The best new book I read this year is actually an old one: The New Annotated H.P. Lovecraft. Since I’ve devoted many recent days to reading by and about the Puritans for a book project, I’ve been delighted to spend evenings in the company of their weirdest descendant. Although the principal contents of The New Annotated H.P. Lovecraft have appeared in many other editions, the thorough annotations by Leslie S. Klinger shed new light on Lovecraft’s imaginary world. Why has no one before compiled a faculty directory for Miskatonic University?

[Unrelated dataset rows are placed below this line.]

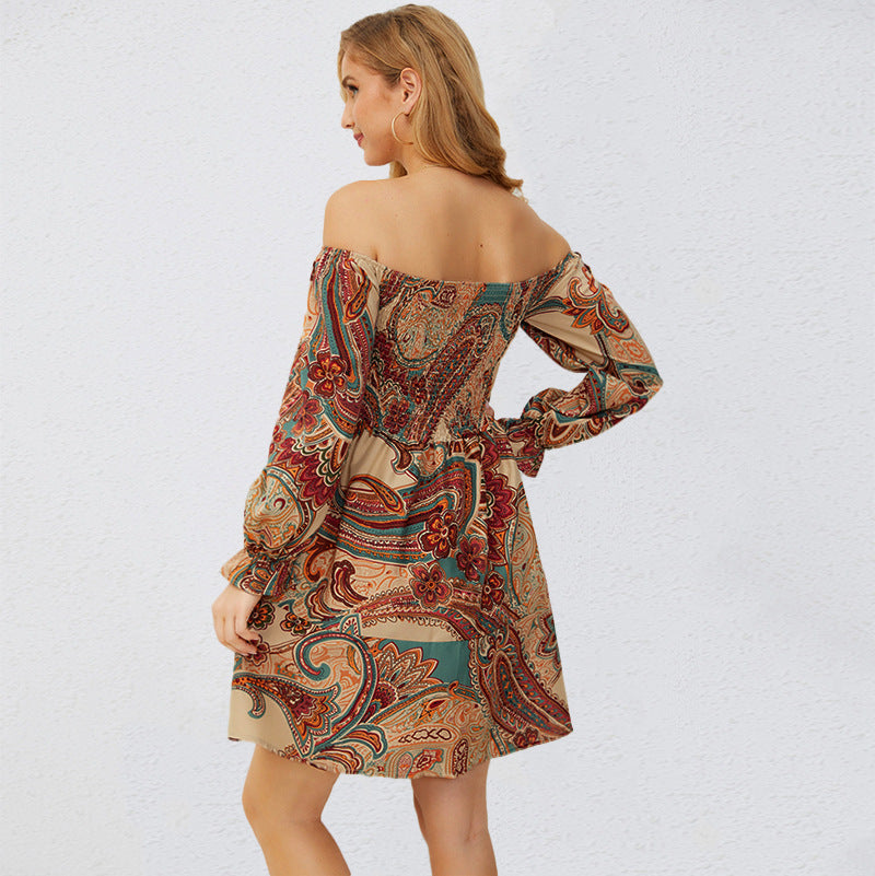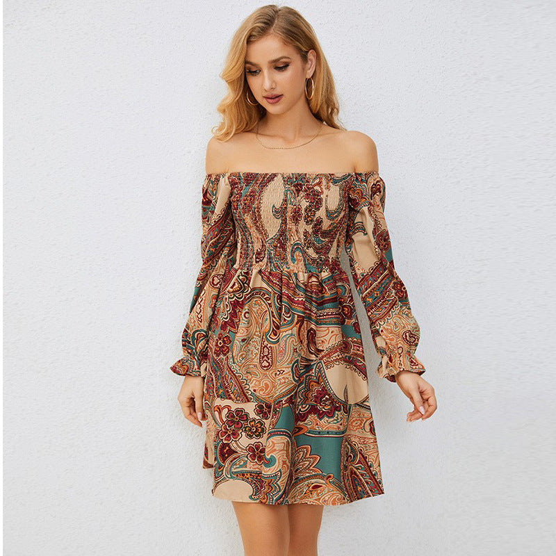 Look stylish in earth tones and paisley print wearing the Women's Off the Shoulder Long Sleeve Midi Dress featuring brown, crimson, orange and teal hues.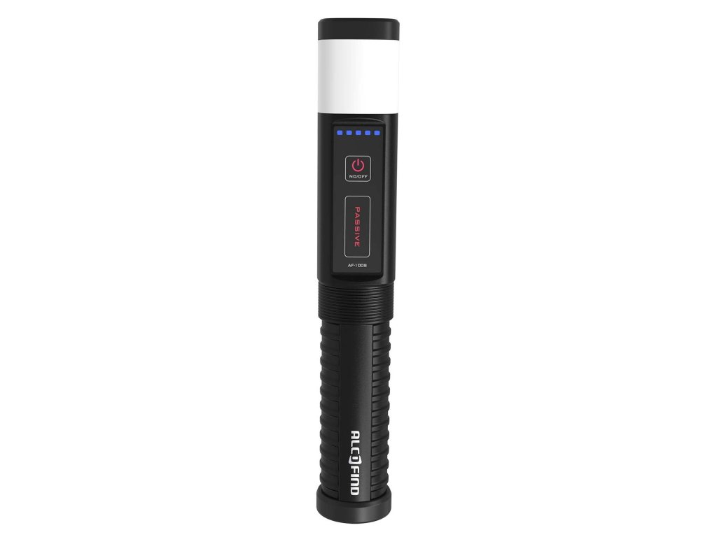 Alkotester brez ustnikov AF-100S svojo izvrstno delovanje dolguje visokokakovostnemu elektrohemijskemu senzorju. Rezultat meritve je prikazan s pomočjo diod. Vsaka izmed njih predstavlja določen prag dovoljene vsebnosti alkohola v izdihanem zraku. Na primer: 1 modra dioda pomeni prag 0.10 ‰, 3 svetleče modre diode – 0.30 ‰. Naprava omogoča nastavitev alarma na eni od 5 nivojev od 0,1 do 0,5 ‰. Alkotester deluje v dveh načinih: aktivnem in pasivnem. Aktivni način zahteva izdihavanje zraka s strani kontrolirane osebe. Pasivni način samodejno vzame vzorec, kar omogoča preverjanje prisotnosti alkoholnih hlapov v pijači.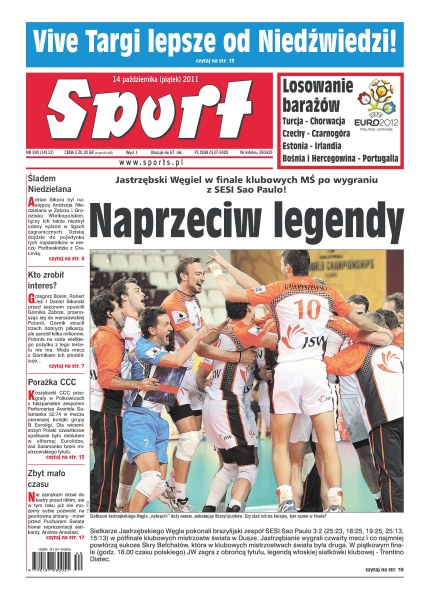 Zostały rozlosowane baraże Euro 2012; miesiąc po porażce z Witalijem Kliczką Tomasz Adamek zaczyna mówić o planach na kolejne walki; Jastrzębski Węgiel wygrał z Sesi Sao Paulo i zagra o złoty medal klubowych mistrzostw świata w siatkówce z Trentino Volley.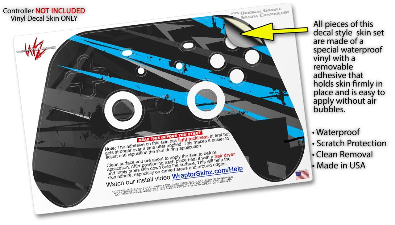 This product is in no way affiliated with or endorsed by Google. WraptorSkinz® skin wraps work with the Original Google Stadia version 1 Controller. Printed using superb photo quality designs and vibrant colors printed with special fade resistant inks that last even in direct sun for years. WraptorSkinz are a composite of two layers of commercial grade materials. The bottom layer is a soft, flexible vinyl with a special removable adhesive that is easily positioned, applied without air bubbles. Next, we print the bottom layer with UV protected, fade resistant inks that deliver superb photo quality designs in vibrant colors. Finally, we bond a professional grade laminate over the entire skin adding a glossy protective finish.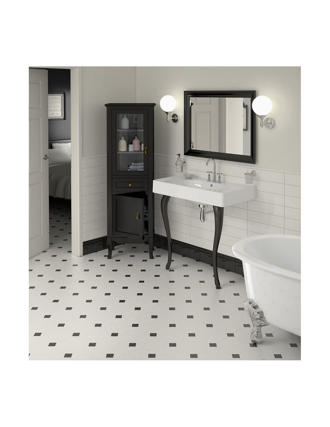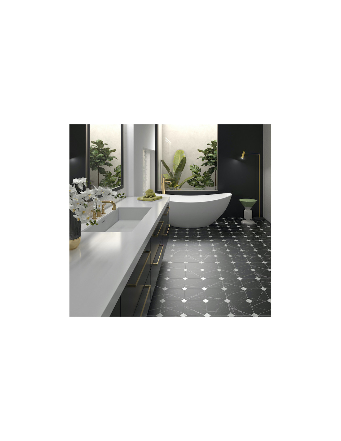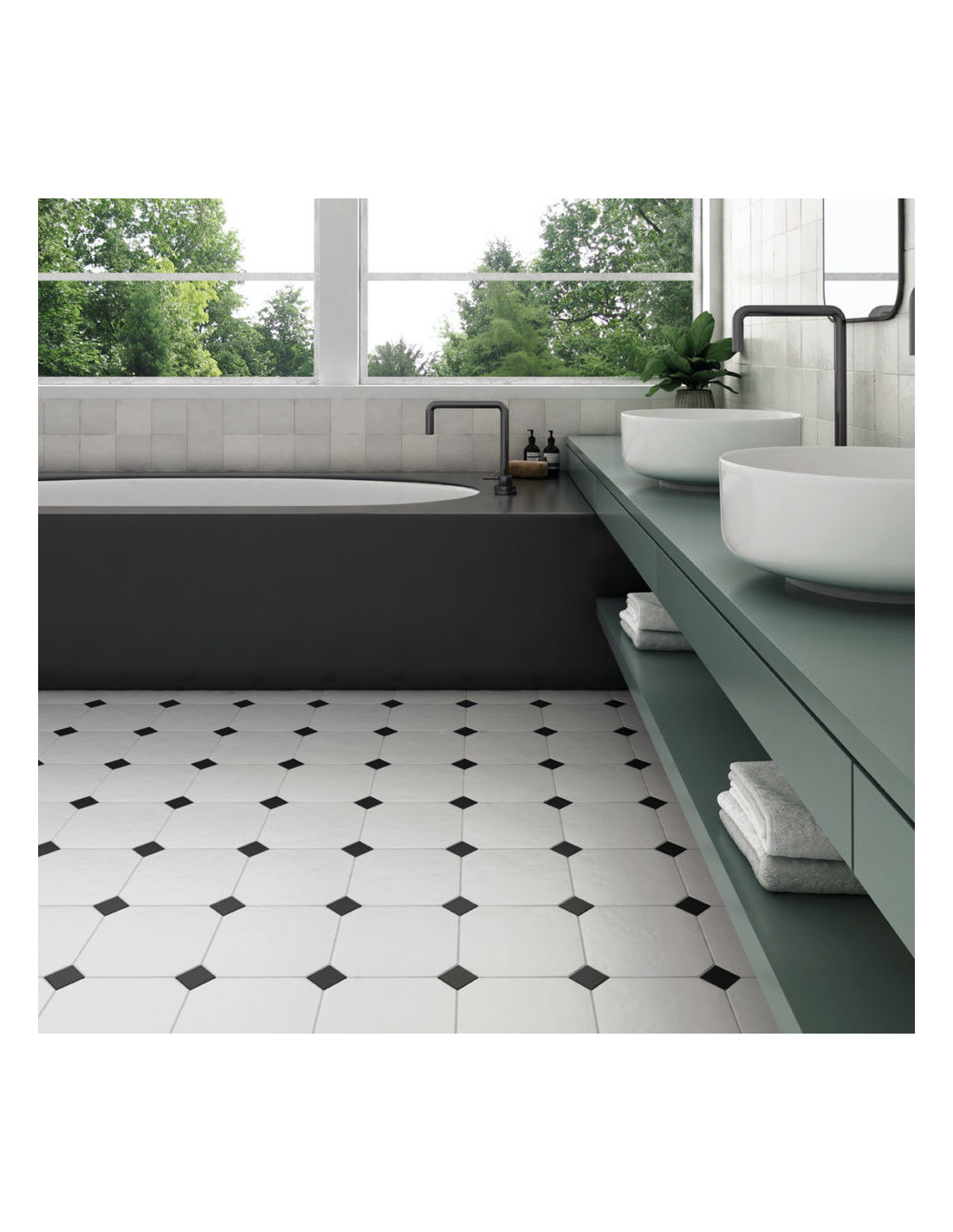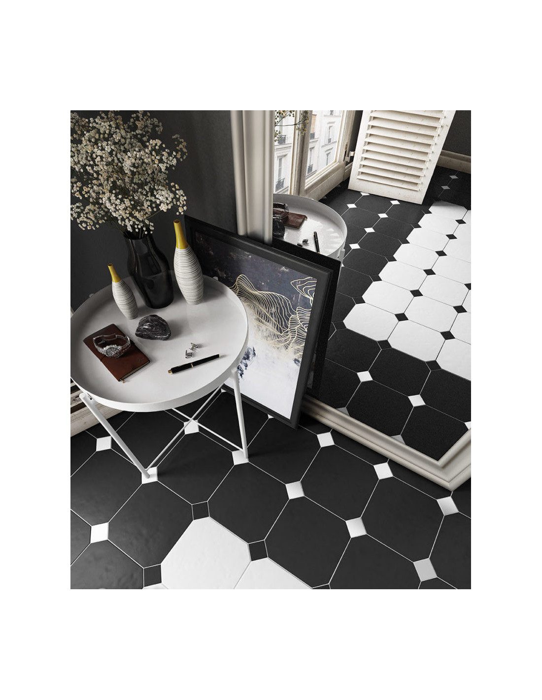 Gresie Octogonala Equ Octagon. Gresie #octogonala de 20x20 cm, cu finisaj mat alb, negru, gri si finisaj mat marmorat alb, negru si beige. #gresieoctogonala de baie, bucatarie si living.

Reading The New Annotated H.P. Lovecraft has also given me the chance to think through an issue that has split the science fiction/fantasy/horror community over the last year: Lovecraft’s racism. Without excusing the ugly fear of genetic corruption expressed in both minor stories like “The Horror at Red Hook” (not included in this collection) and more impressive pieces such as “The Shadow Over Innsmouth,” I was struck by how little relevance it has to Lovecraft’s very best work. The basic principle of Lovecraft’s horror is the absolute indifference of the cosmos to human plans, concepts, or categories. From the cosmic perspective, differences between black and white, Yankee or immigrant have no more significance than variety among species of cockroaches.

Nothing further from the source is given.